--- Task to carry out ---
From the listing below, output the lines between the one with "- 本音告白! ラブブ やばい体験談10選~後悔から学んだ教訓" and the one with "今後もリハビリ効果のある運動", including those two, and nothing else. Pictures are not copied.

--- Supplied entries ---
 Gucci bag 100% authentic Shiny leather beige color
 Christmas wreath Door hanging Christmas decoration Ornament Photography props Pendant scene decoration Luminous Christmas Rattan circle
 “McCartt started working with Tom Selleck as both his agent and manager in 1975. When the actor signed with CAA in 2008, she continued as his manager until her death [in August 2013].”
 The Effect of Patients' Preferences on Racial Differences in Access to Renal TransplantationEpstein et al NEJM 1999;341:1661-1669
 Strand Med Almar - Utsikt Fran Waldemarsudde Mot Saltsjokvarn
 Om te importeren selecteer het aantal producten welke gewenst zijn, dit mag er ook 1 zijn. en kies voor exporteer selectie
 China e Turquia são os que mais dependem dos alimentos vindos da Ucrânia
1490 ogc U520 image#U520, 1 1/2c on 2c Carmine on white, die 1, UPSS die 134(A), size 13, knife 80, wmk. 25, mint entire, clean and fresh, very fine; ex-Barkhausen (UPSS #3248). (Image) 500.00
==
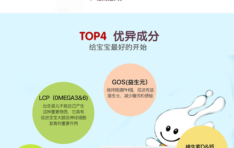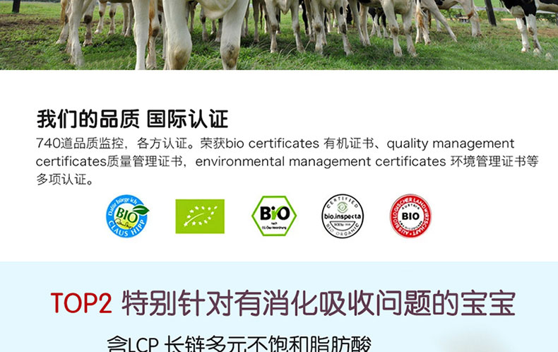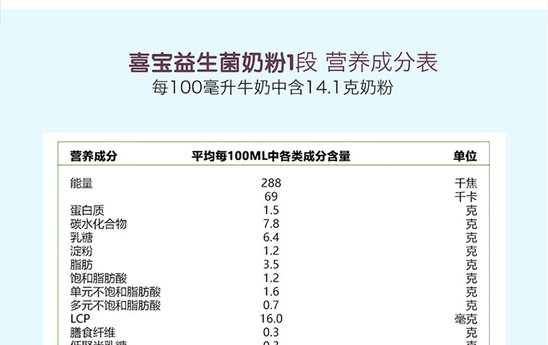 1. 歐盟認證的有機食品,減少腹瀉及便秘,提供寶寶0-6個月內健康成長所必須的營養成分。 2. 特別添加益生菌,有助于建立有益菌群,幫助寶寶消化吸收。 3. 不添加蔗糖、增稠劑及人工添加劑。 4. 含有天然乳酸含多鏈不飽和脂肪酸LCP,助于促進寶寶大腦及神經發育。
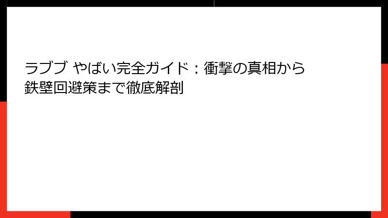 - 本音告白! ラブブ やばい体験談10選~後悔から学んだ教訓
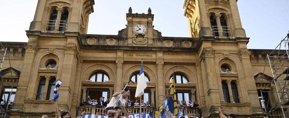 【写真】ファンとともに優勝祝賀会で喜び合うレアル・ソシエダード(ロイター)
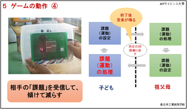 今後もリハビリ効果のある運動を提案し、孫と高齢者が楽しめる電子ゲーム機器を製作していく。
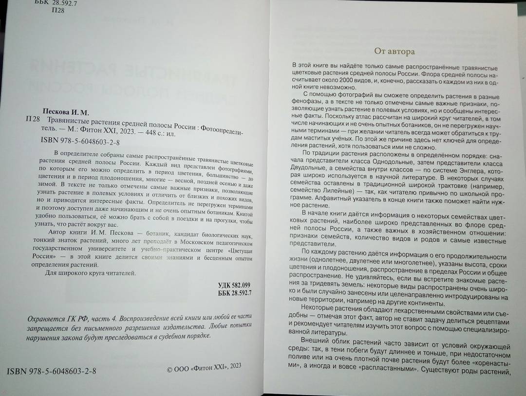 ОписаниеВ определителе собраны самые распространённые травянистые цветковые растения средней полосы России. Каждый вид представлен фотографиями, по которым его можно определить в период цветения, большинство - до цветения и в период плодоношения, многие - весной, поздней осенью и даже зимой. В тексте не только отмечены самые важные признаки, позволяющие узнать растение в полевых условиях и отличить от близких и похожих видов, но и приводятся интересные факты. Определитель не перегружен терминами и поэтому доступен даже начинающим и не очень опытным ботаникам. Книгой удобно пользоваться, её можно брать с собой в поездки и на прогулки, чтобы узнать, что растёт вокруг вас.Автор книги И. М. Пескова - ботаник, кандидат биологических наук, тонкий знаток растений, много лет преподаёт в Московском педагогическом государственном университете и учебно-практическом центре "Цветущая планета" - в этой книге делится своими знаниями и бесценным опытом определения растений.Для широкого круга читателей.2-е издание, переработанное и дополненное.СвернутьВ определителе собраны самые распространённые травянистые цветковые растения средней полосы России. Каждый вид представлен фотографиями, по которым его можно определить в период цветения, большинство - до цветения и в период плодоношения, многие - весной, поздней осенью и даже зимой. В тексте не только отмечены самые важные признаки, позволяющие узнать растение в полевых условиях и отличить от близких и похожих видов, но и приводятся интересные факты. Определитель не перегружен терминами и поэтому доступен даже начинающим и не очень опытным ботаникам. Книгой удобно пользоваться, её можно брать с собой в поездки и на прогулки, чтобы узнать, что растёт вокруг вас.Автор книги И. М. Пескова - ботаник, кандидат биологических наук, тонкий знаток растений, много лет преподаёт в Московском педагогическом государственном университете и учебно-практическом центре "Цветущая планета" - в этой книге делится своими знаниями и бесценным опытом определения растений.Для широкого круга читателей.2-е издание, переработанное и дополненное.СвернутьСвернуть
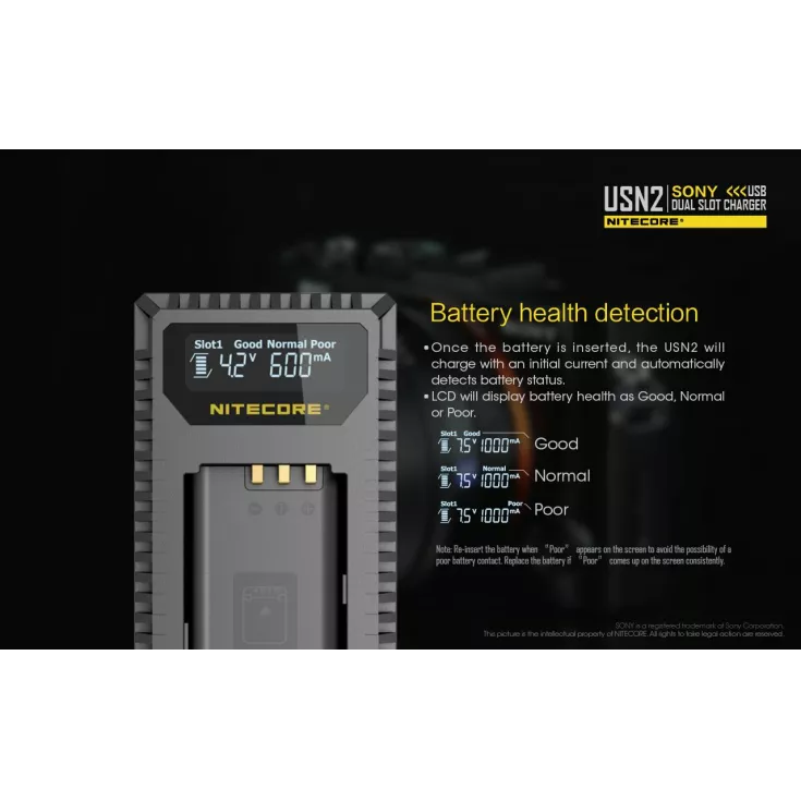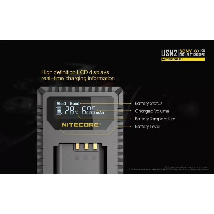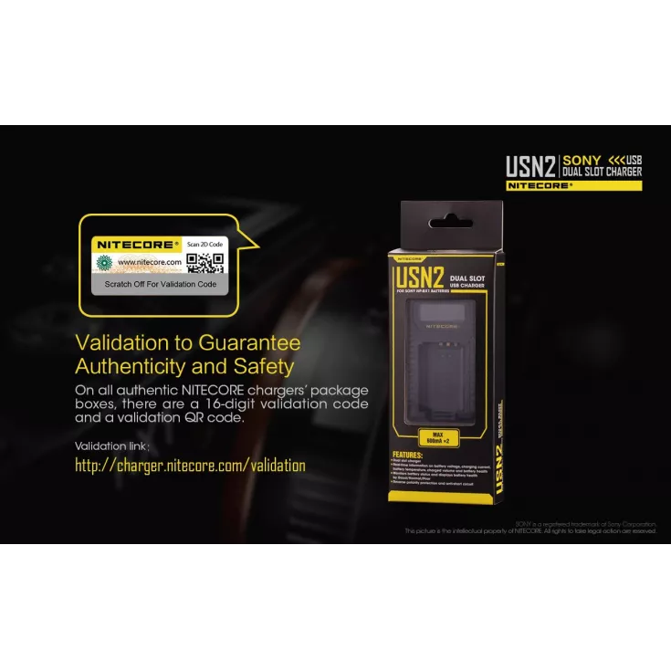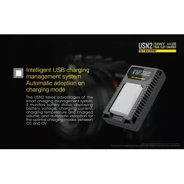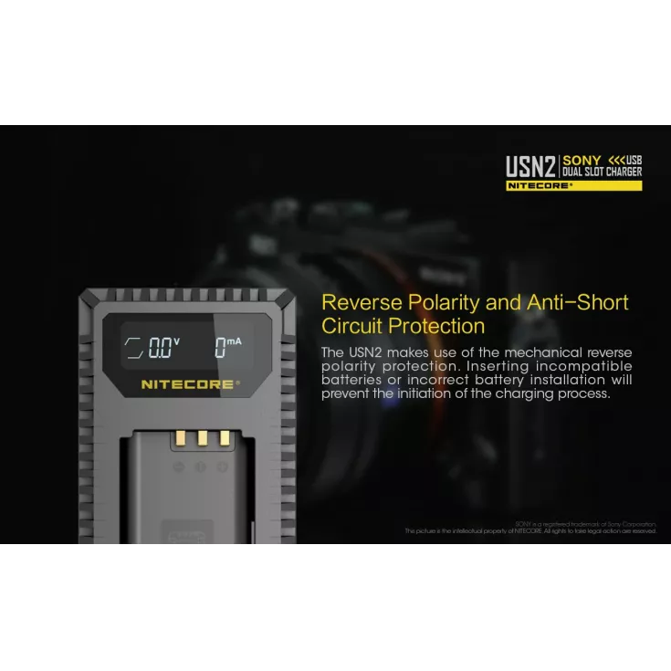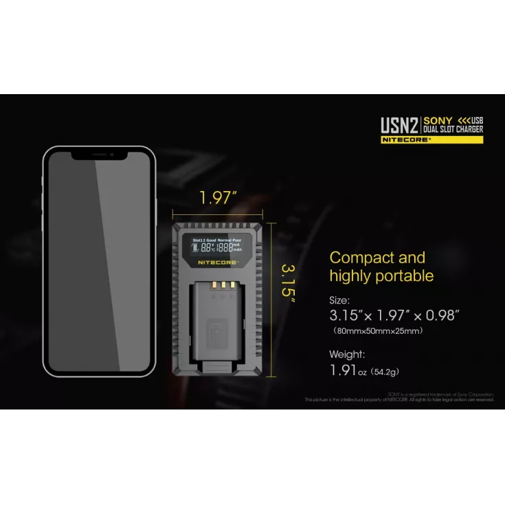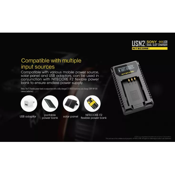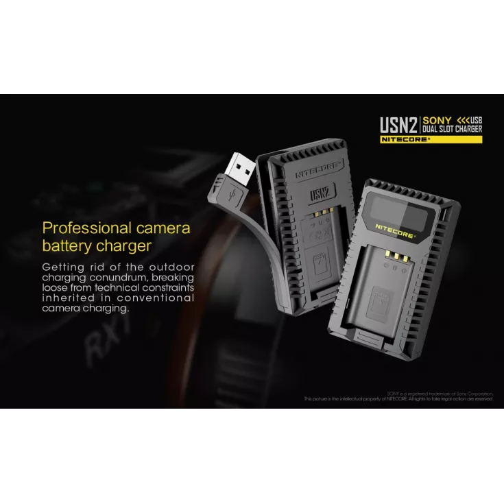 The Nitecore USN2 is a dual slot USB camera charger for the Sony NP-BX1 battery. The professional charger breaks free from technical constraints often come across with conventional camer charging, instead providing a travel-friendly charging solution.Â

--- The answer ---
 - 本音告白! ラブブ やばい体験談10選~後悔から学んだ教訓
 【写真】ファンとともに優勝祝賀会で喜び合うレアル・ソシエダード(ロイター)
 今後もリハビリ効果のある運動を提案し、孫と高齢者が楽しめる電子ゲーム機器を製作していく。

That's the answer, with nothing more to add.